- EXCERPTED DATA:
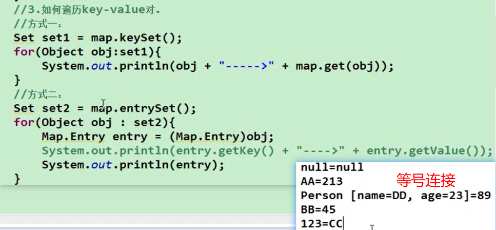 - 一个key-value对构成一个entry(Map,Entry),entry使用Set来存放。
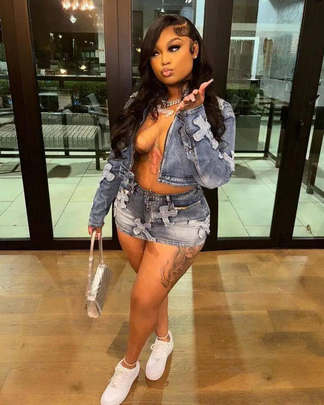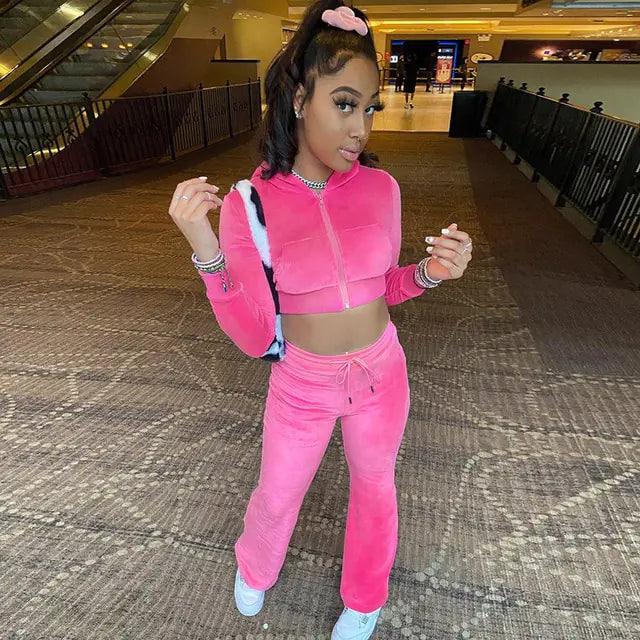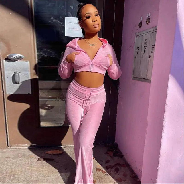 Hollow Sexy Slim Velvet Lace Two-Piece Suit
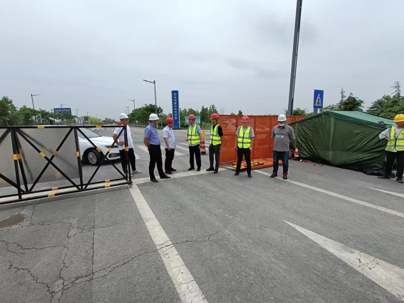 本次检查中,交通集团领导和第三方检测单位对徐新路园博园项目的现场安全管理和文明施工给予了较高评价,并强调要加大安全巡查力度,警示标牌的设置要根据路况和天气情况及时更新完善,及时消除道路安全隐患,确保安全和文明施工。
* * *
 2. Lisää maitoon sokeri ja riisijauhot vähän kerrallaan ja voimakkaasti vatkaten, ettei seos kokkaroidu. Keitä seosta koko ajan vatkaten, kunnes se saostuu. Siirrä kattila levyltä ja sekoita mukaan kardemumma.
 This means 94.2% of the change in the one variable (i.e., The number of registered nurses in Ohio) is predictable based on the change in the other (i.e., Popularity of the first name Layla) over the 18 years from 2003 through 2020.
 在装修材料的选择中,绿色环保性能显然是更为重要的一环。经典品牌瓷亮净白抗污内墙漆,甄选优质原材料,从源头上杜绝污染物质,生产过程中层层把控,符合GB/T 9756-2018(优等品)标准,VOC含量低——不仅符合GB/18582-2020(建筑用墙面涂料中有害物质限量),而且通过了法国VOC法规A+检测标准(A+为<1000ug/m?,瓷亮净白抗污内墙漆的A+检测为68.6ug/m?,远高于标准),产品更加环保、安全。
...
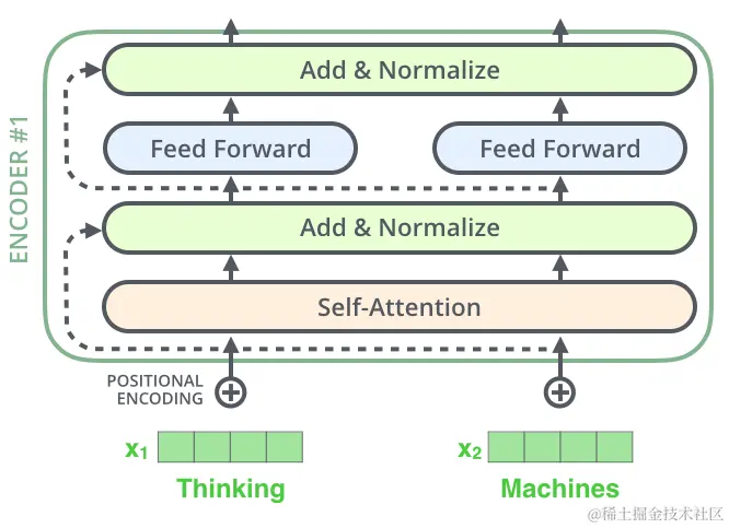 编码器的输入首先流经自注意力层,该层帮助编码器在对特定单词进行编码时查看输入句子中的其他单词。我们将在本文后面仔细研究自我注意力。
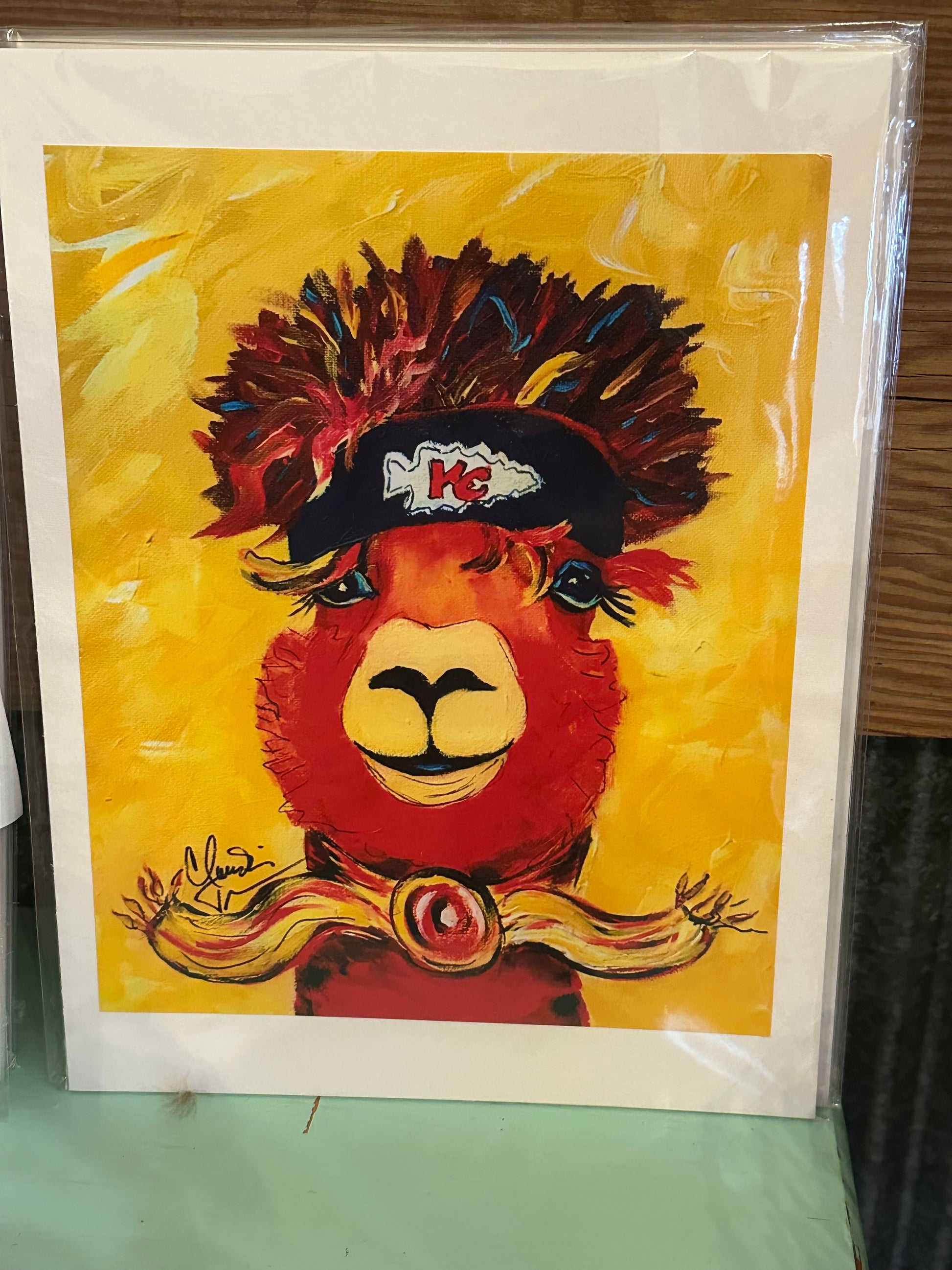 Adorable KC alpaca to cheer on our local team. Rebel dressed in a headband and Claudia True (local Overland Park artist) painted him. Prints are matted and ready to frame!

- WORK REQUIRED: Only the lines above starting with the line with "- 一个key-value对" and going on through the line with "本次检查中,交通集团领导和第" belong in the answer; repeat them exactly, minus any picture.

- RESULT:
 - 一个key-value对构成一个entry(Map,Entry),entry使用Set来存放。
 Hollow Sexy Slim Velvet Lace Two-Piece Suit
 本次检查中,交通集团领导和第三方检测单位对徐新路园博园项目的现场安全管理和文明施工给予了较高评价,并强调要加大安全巡查力度,警示标牌的设置要根据路况和天气情况及时更新完善,及时消除道路安全隐患,确保安全和文明施工。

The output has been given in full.